The applications of BNNTs extend far beyond radiation shielding alone. Recent advancements have incorporated these nanomaterials into flexible composite fibers that can be woven into fabrics for next-generation spacesuits 3 4 . These BNNT-aramid composite fibers are:
Comfortable enough for extended wear during spacewalks
Protection up to 500°C in extreme environments
Effective radiation protection during spacewalks
Similarly, BNNT-enhanced polymers are being developed for use in spacecraft components that serve dual purposes—providing structural support while absorbing harmful radiation 6 7 .
| Material/Equipment | Function in Research | Key Characteristics |
|---|---|---|
| Boron Nitride Nanotubes (BNNT) | Primary radiation-absorbing nanomaterial | High boron content for neutron absorption; tubular structure for mechanical strength |
| Polydimethylsiloxane (PDMS) | Polymer matrix for BNNT composites | Flexible; stable under radiation; easy to process |
| Epoxy resins | High-temperature polymer for structural composites | Thermal stability; good adhesion to BNNTs; structural integrity |
| Polyethylene | Hydrogen-rich polymer matrix for composites | Effective at slowing down neutrons; enhanced by BNNT addition |
| Stopping and Range of Ions in Matter (SRIM) | Computer simulation software | Models ion penetration depth and damage in materials |
| High-Resolution Transmission Electron Microscope (HR-TEM) | Structural characterization | Visualizes atomic-level defects and damage in BNNTs after irradiation |
Table 3: Essential Research Reagents and Materials in BNNT Radiation Shielding Studies
As we look toward establishing a long-term presence on the Moon and eventually sending humans to Mars, developing effective radiation protection becomes increasingly critical. BNNT technology offers a promising solution that addresses multiple challenges simultaneously—radiation shielding, structural integrity, and thermal management.

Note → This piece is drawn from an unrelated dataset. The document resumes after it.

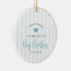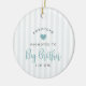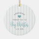 This sweet promoted to big brother Christmas gift ornament features modern script lettering and a simple and classic design. A sweet blue illustrated heart sits on top of a modern white washed blue striped pattern. Personalized name with big brother script and your custom date and year are easily personalized on the front of the ornament. The back is one full photo of the newborn baby and their promoted big brother. This elegant ornament makes a beautiful gift for a new first time brother, and can also be a thoughtful gift to friends and family as an announcement of your child's birth.
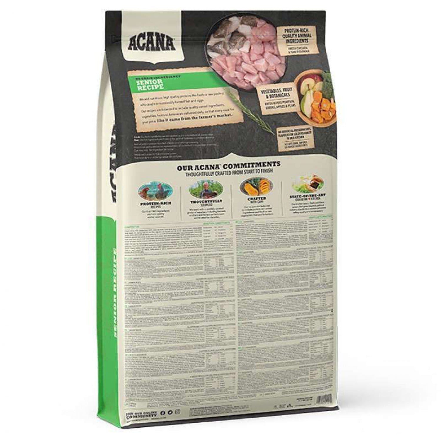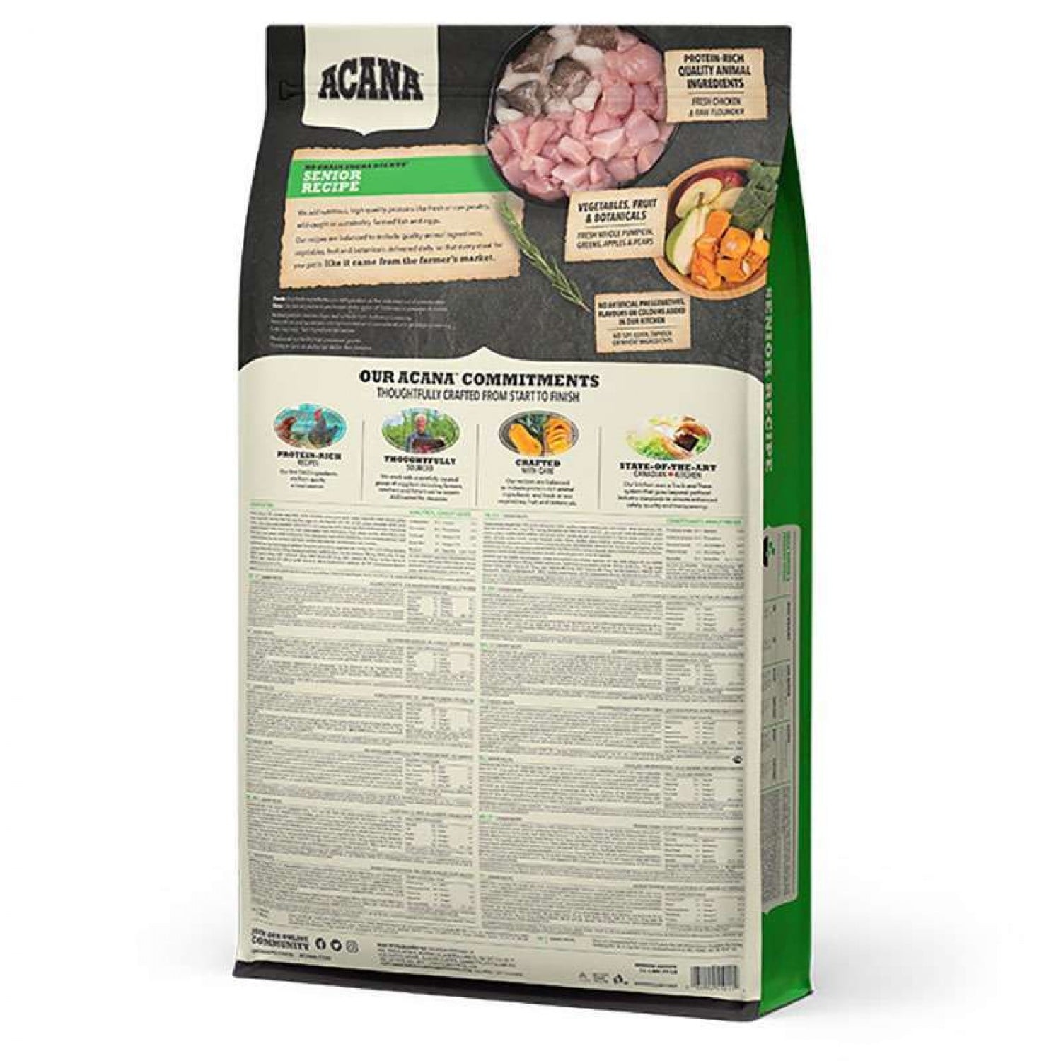 Когда это касается корма ACANA, каждый ингредиент имеет значение. Именно поэтому, рецептура Senior Recipe создается с заботой, чтобы обеспечивать здоровье стареющих собак. Рецептура АКАНА Сеньор Ресипе на 65% переполнена качественными мясными ингредиентами, такими как мясо канадских цыплят и сырой камбалы и на 35% сбалансирована фруктами, овощами и травами.

Ongoing research continues to optimize BNNT composites for space applications. Scientists are experimenting with different polymer matrices, nanomaterial concentrations, and manufacturing techniques to enhance these materials' performance 6 7 . As production methods improve and costs decrease, we may soon see BNNT-based protection as a standard feature in spacecraft, habitats, and spacesuits.
The incredible journey of BNNTs from laboratory curiosity to space-tested material represents the power of nanotechnology to solve some of humanity's most challenging problems. These tiny tubes may well enable our big dreams of exploring the cosmos.